Tunisia buries politician as instability grows worse

The coffin of opposition leader Chokri Belaid is carried to a cemetery near Tunis, Tunisia, on Friday. Belaid was slain Wednesday. (Associated Press)
Bouazza Ben Bouazza Associated Press

TUNIS, Tunisia – The funeral of an assassinated leftist politician drew hundreds of thousands of mourners chanting anti-government slogans to the Tunisian capital Friday – as well as gangs of armed youths who smashed cars and clashed with police just outside the cemetery.

Hours later, the prime minister insisted he’d try to form a new government despite his own party’s opposition, threatening to resign if his proposal wasn’t accepted.

The events added to the growing turmoil in Tunisia, where the transition from dictatorship to democracy has been shaken by religious divides, political wrangling and economic struggles. It’s been a perilous stretch for a country many hoped would be a model for other post-revolutionary Arab states.

People from across the nation flowed into Tunis to lay to rest 48-year-old Chokri Belaid, a lawyer and top figure in the Popular Front alliance who was shot dead Wednesday. Thousands helped carry the coffin of the so-called “defender of the poor” from his parents’ home to the Jellaz Cemetery a few miles away.

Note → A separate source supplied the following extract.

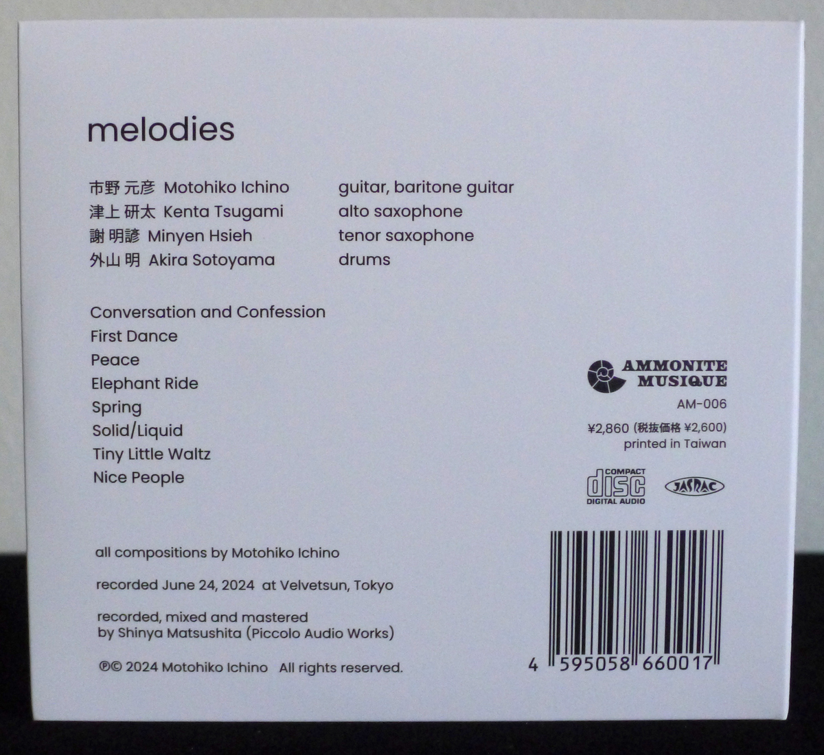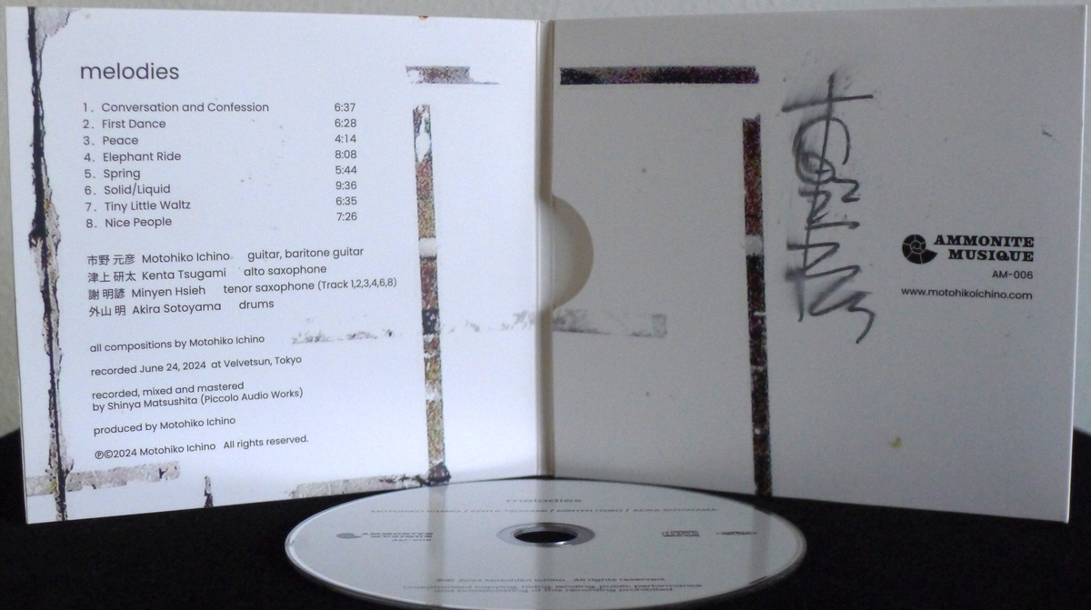 This four-member group consists of Ichino on guitar and baritone guitar, Kenta Tsugami on alto saxophone, Minyen Hsieh on tenor saxophone, and Akira Sotoyama on drums. As this quartet has no bass player, they form a subtly floating, bass-less group sound. Yet Ichino’s guitar work fills up the space nicely, especially when he subs in baritone guitar. All of the songs on Melodies were written by Ichino, and the album was recorded at a live performance at Velvet Sun in Tokyo on June 24, 2024.

The funeral “was one of the most impressive in the history of Tunisia,” historian Slahhedine Jourchi said, as demonstrators marched and chanted against the ruling Islamists. The turnout at the funeral was boosted due to a general strike called by Tunisia’s most powerful labor union in honor of Belaid.

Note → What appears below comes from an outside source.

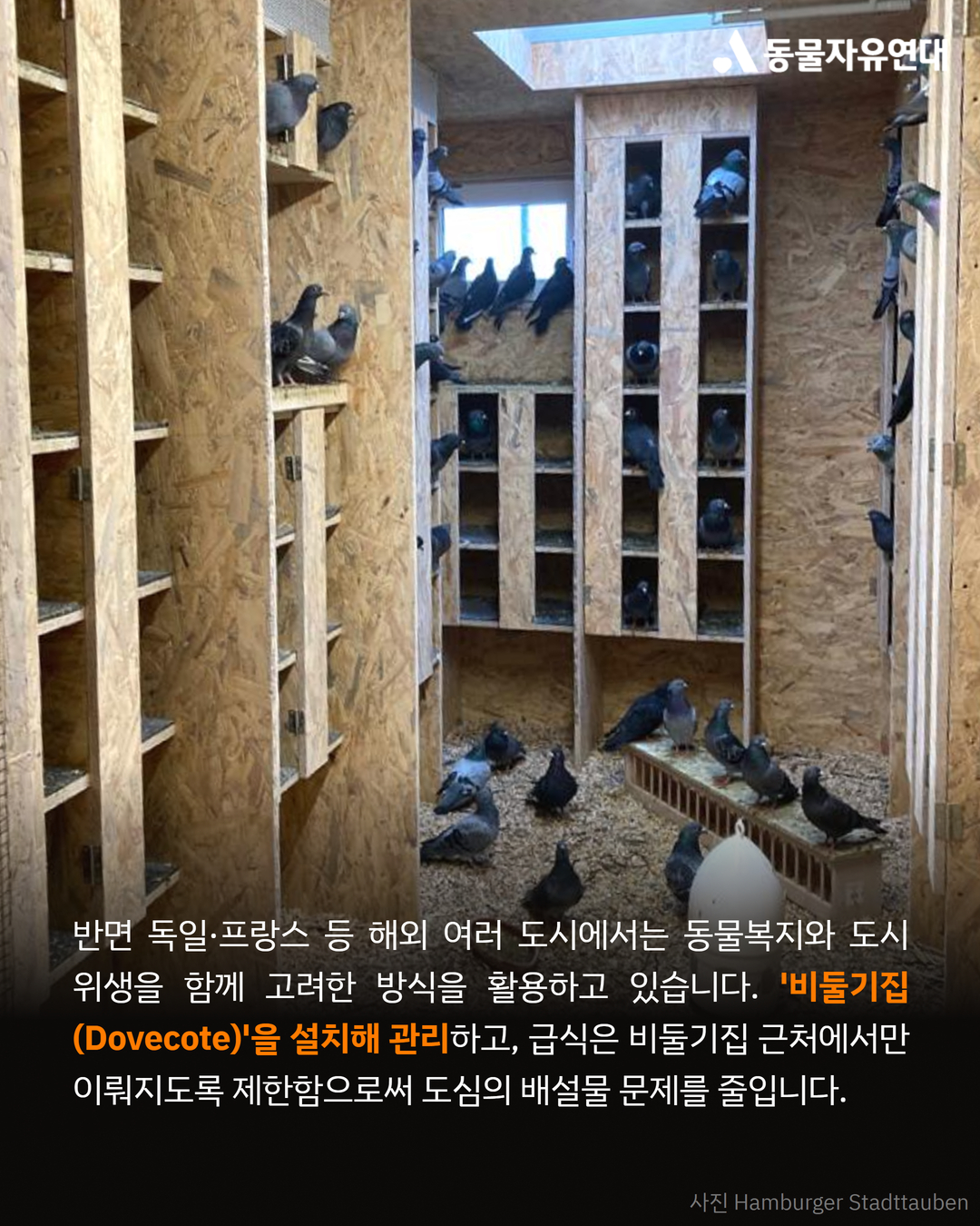 반면 해외 여러 도시에서는 동물복지와 도시 위생을 함께 고려한 방식으로 비둘기를 관리하고 있습니다. 스위스 바젤은 1988~1992년 ‘비둘기 집(Dovecote)’과 제한된 급식소를 통해 거리의 오염을 줄이고, 알은 가짜 알로 교체해 개체 수를 조절했습니다. 그 결과 4년 만에 비둘기 수가 절반 가까이 줄었습니다.

Hamma Hammami of the Tunisian Workers Party gave a eulogy as Belaid’s friends and relatives wept.

“Sleep well Chokri. We will continue the fight,” the leftist leader promised as the acrid smell of tear gas from the clashes near the cemetery invaded the air.

Tunisians overthrew their long-ruling dictator Zine El Abidine Ben Ali in January 2011, kicking off the Arab Spring revolutions. In the two years since, a moderate Islamist party, Ennahda, won elections and has governed in a coalition with two secular parties.

But the ruling coalition’s failure to stem the country’s economic crisis and stop the often-violent rise of hard-line Salafi Muslims have drawn fierce criticism, especially from staunch secularists such as Belaid. He had also accused Ennahda of backing some of the political violence through its own goon squads.

Belaid was shot dead while in his car outside his home by an unknown assailant.